## YOUR OBJECTIVE
When writing out the entries below, keep only the lines from the line with "PRADA-1E254N 프라다 블랙 모놀리스 브러시드 가죽 레이스업 슈즈 여성용" to the line with "꼬리 집사에게 스윽- 하고", both included, exactly as they are, and leave the pictures aside.

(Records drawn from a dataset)
:::

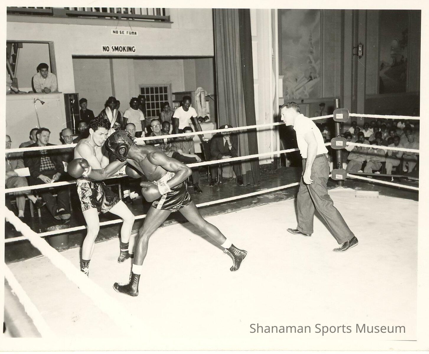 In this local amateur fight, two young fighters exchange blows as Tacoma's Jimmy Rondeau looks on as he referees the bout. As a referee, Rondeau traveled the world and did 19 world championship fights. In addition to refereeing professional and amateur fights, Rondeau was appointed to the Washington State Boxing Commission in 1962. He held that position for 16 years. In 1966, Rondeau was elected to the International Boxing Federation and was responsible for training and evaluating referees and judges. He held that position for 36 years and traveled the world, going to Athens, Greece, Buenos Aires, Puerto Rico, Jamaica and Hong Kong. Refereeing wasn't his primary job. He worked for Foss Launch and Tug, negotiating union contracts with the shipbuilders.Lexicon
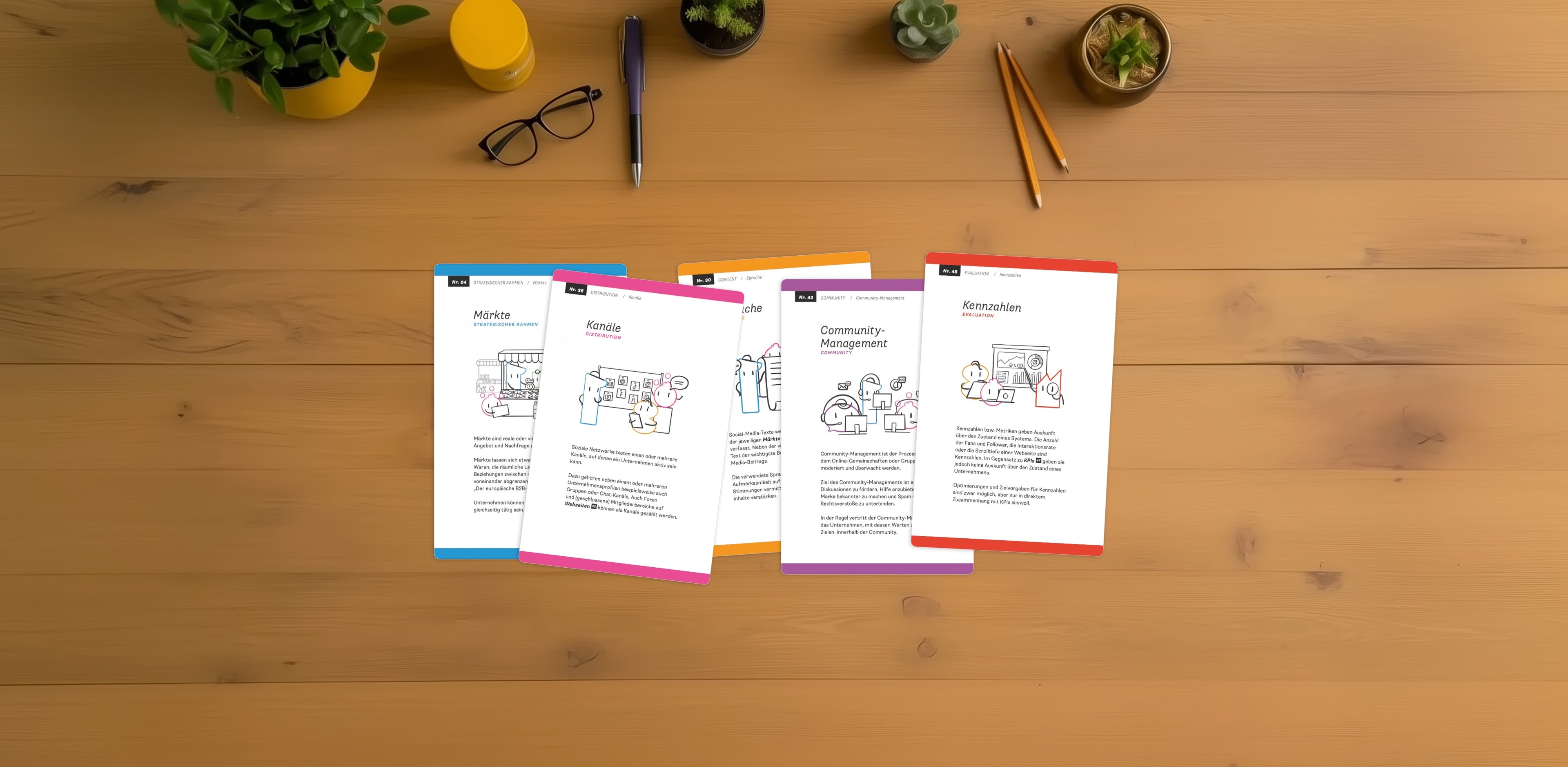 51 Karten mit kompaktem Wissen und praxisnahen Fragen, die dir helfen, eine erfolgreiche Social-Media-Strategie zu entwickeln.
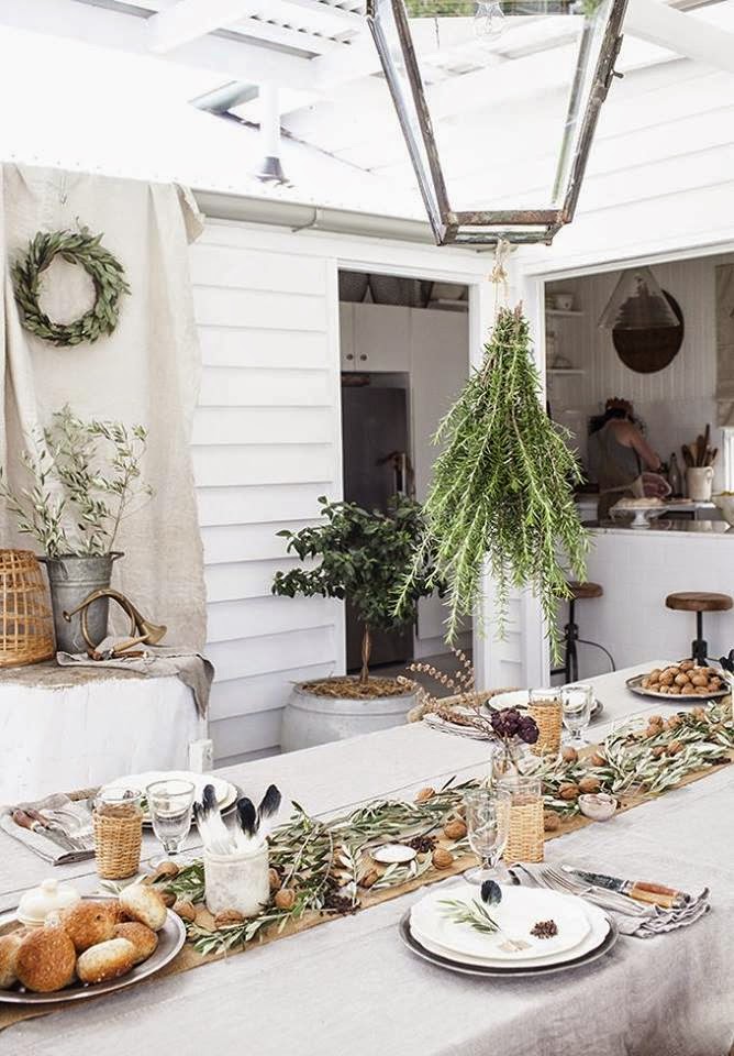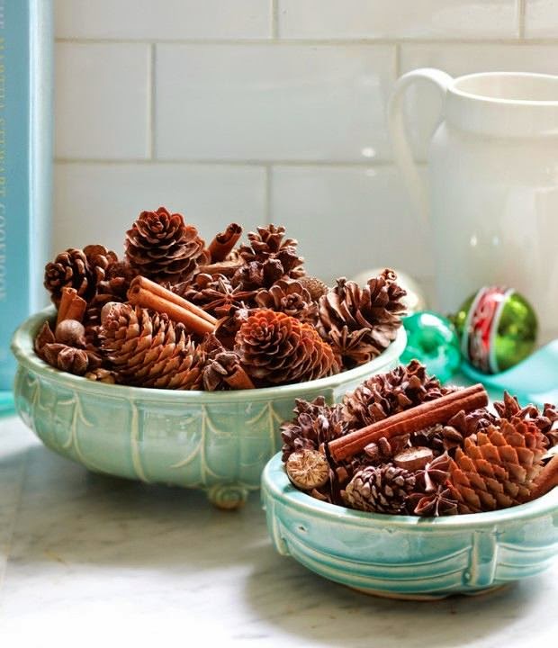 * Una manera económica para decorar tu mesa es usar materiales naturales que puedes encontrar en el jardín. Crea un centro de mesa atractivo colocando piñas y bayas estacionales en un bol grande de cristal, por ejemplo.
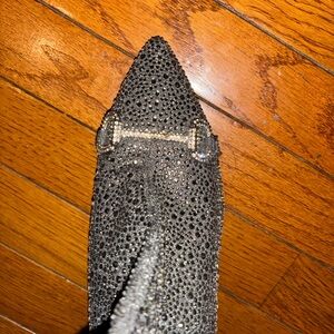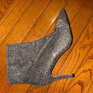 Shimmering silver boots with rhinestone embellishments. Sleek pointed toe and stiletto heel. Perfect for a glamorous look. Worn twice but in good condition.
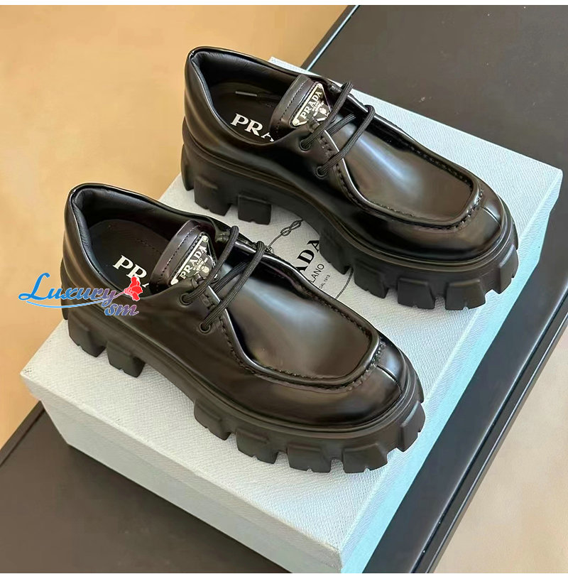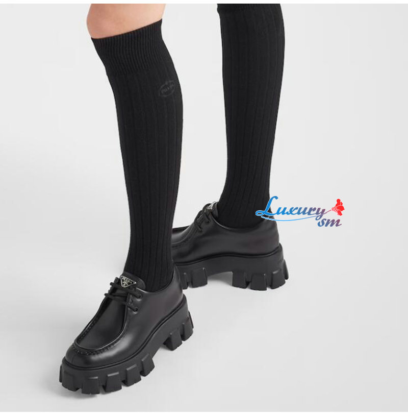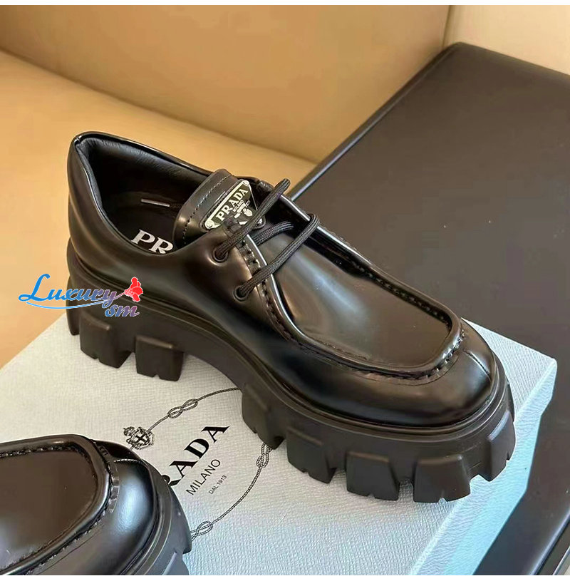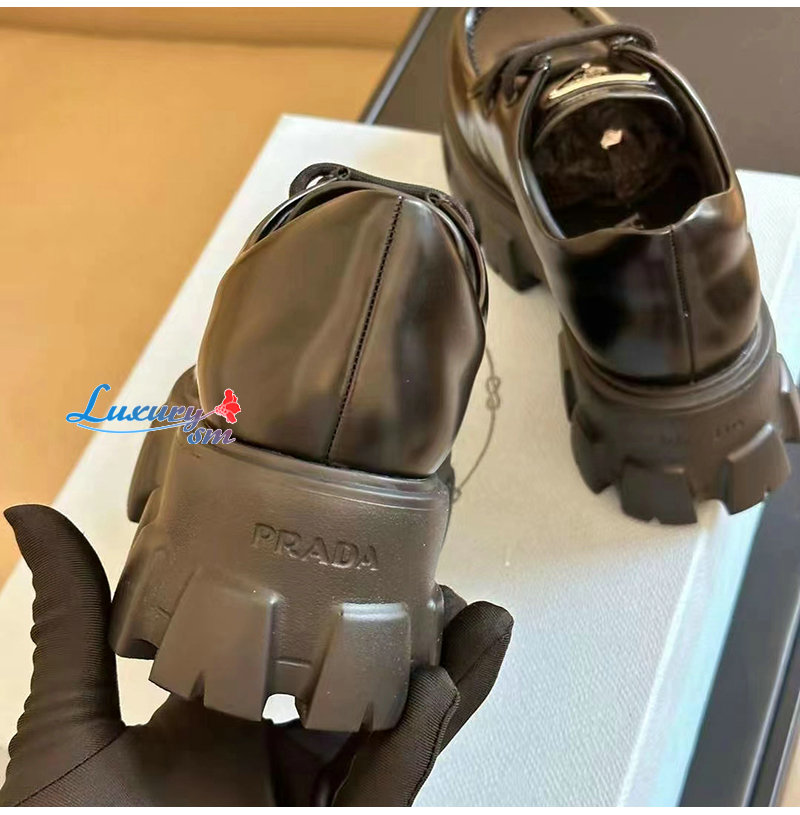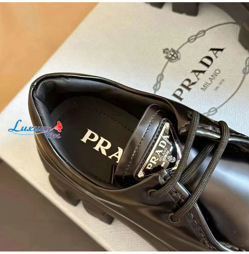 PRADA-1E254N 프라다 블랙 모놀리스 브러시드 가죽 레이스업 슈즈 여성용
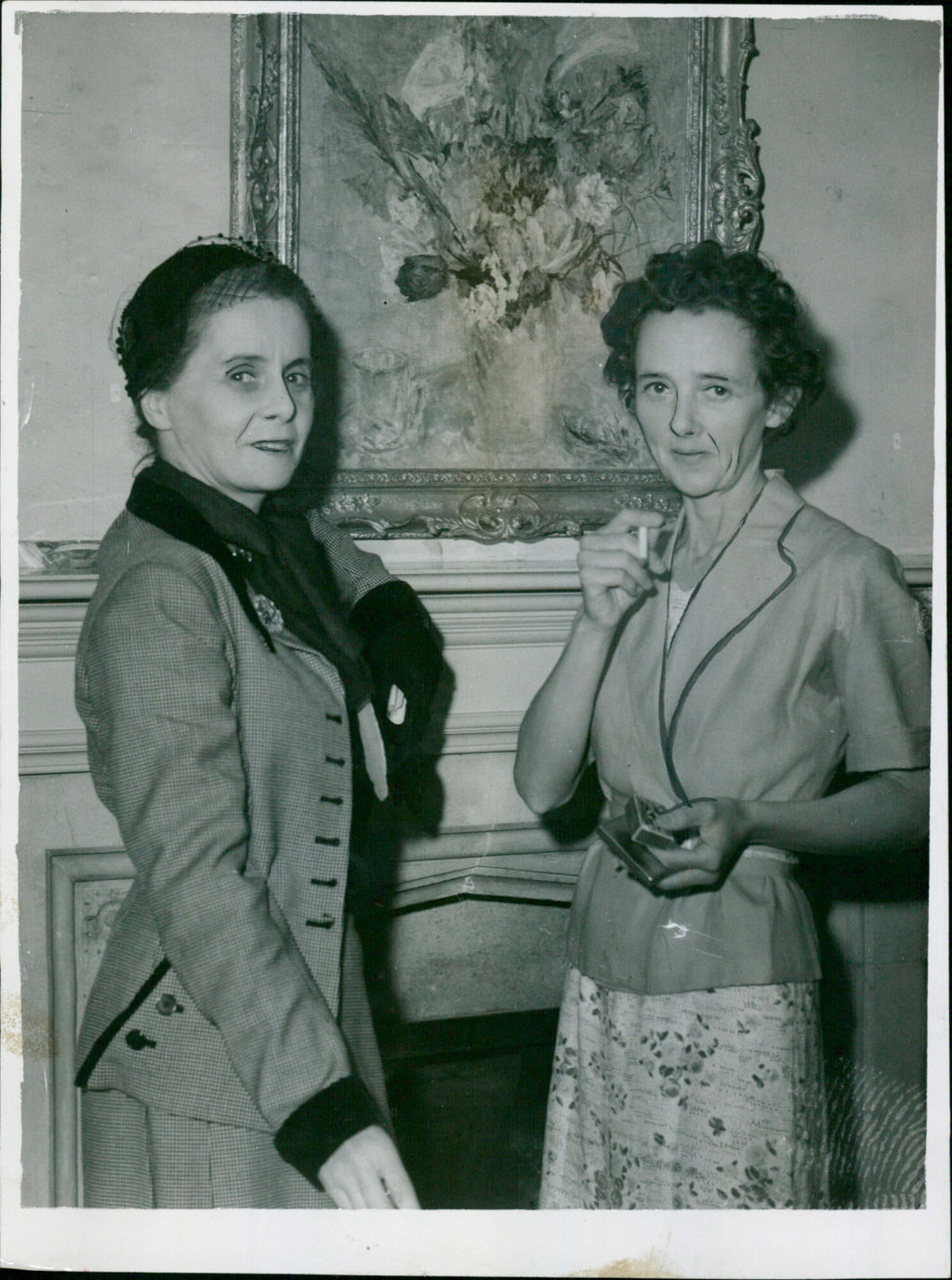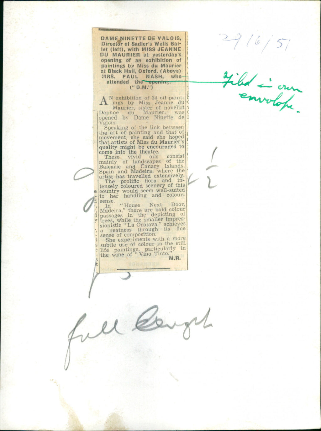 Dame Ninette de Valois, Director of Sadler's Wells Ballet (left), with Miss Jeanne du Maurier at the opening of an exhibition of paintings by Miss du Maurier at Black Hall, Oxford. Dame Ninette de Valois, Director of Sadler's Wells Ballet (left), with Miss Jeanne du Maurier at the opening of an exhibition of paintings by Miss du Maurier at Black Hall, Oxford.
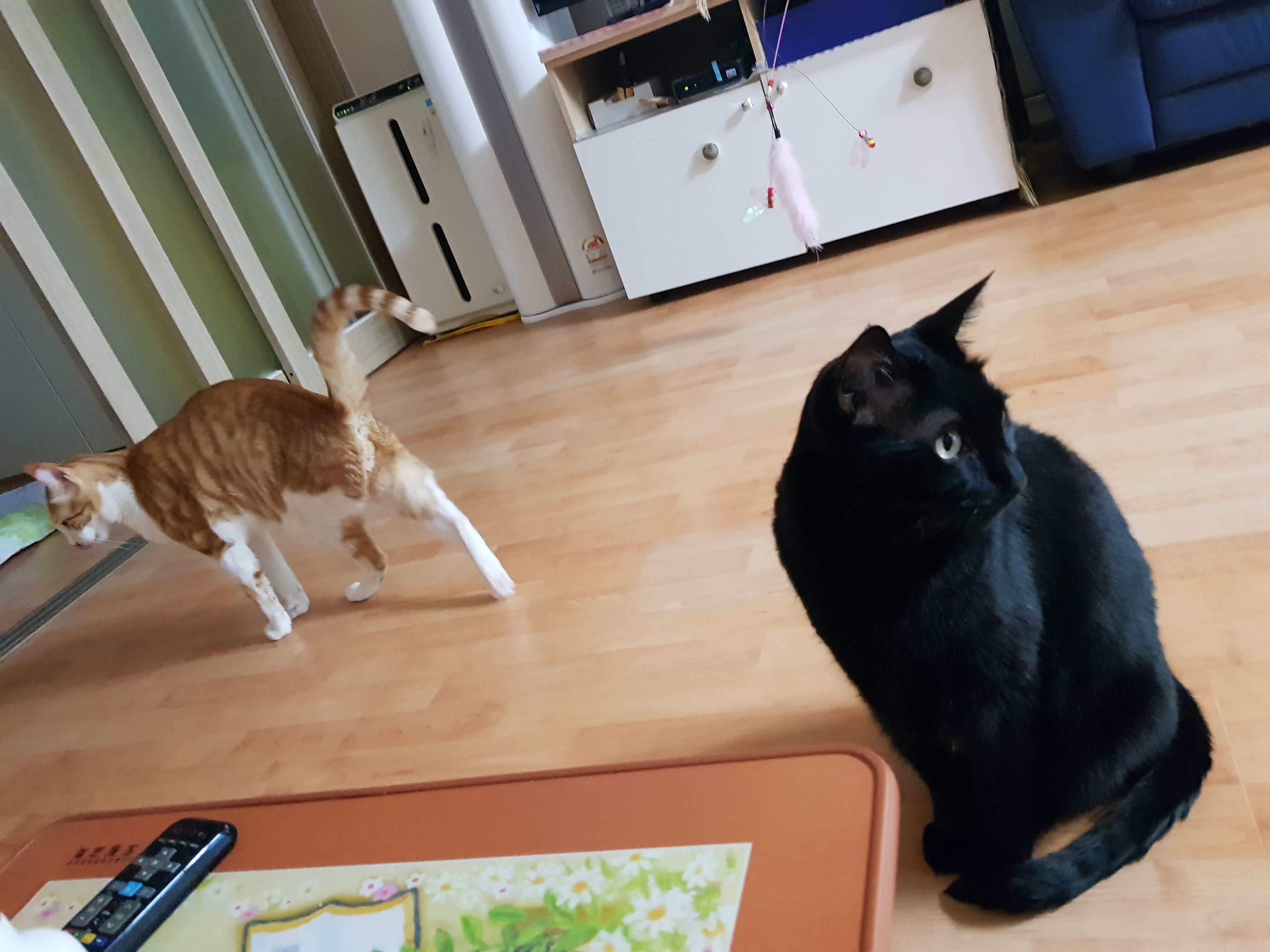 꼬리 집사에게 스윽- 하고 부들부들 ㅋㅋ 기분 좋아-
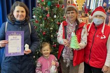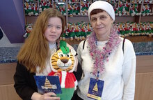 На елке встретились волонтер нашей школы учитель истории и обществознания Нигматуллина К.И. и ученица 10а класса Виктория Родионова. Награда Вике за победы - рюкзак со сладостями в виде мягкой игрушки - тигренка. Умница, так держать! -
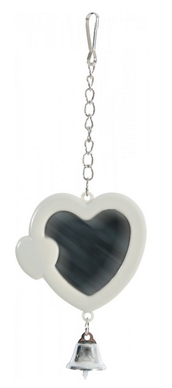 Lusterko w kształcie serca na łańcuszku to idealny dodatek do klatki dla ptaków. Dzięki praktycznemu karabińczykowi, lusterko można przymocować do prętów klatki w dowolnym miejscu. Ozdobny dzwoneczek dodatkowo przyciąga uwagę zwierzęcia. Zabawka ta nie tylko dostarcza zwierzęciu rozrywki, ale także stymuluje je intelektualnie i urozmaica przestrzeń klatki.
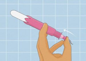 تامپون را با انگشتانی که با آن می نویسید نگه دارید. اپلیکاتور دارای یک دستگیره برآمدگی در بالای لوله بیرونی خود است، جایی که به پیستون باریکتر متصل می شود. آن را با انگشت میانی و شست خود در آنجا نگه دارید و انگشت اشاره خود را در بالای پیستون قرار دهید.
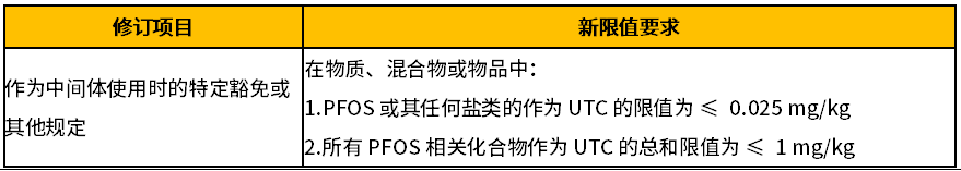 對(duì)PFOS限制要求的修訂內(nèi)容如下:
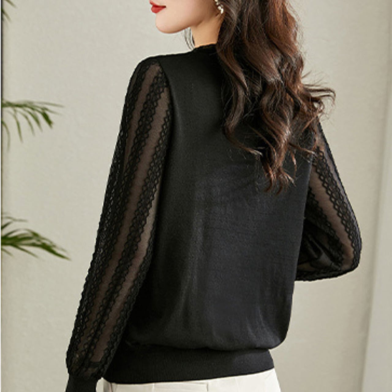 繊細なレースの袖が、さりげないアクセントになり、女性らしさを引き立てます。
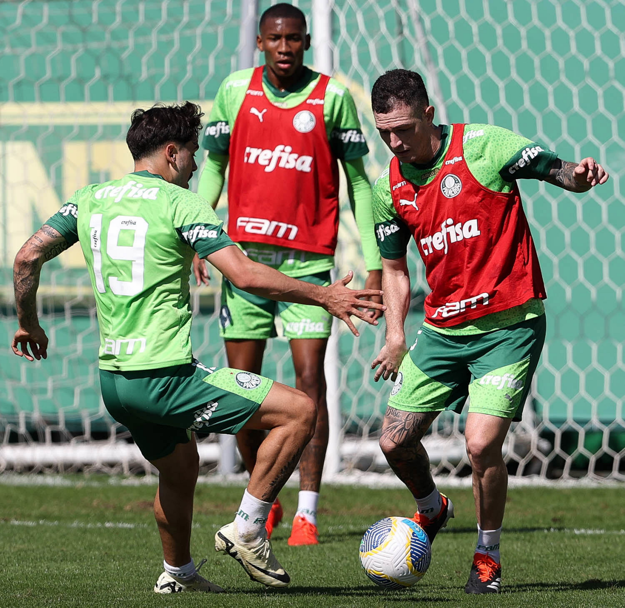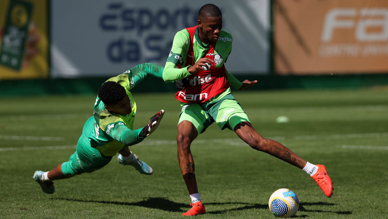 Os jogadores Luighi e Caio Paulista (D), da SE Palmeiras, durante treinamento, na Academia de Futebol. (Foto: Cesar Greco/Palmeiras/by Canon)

:::

## EXERCISE ANSWER
 PRADA-1E254N 프라다 블랙 모놀리스 브러시드 가죽 레이스업 슈즈 여성용
 Dame Ninette de Valois, Director of Sadler's Wells Ballet (left), with Miss Jeanne du Maurier at the opening of an exhibition of paintings by Miss du Maurier at Black Hall, Oxford. Dame Ninette de Valois, Director of Sadler's Wells Ballet (left), with Miss Jeanne du Maurier at the opening of an exhibition of paintings by Miss du Maurier at Black Hall, Oxford.
 꼬리 집사에게 스윽- 하고 부들부들 ㅋㅋ 기분 좋아-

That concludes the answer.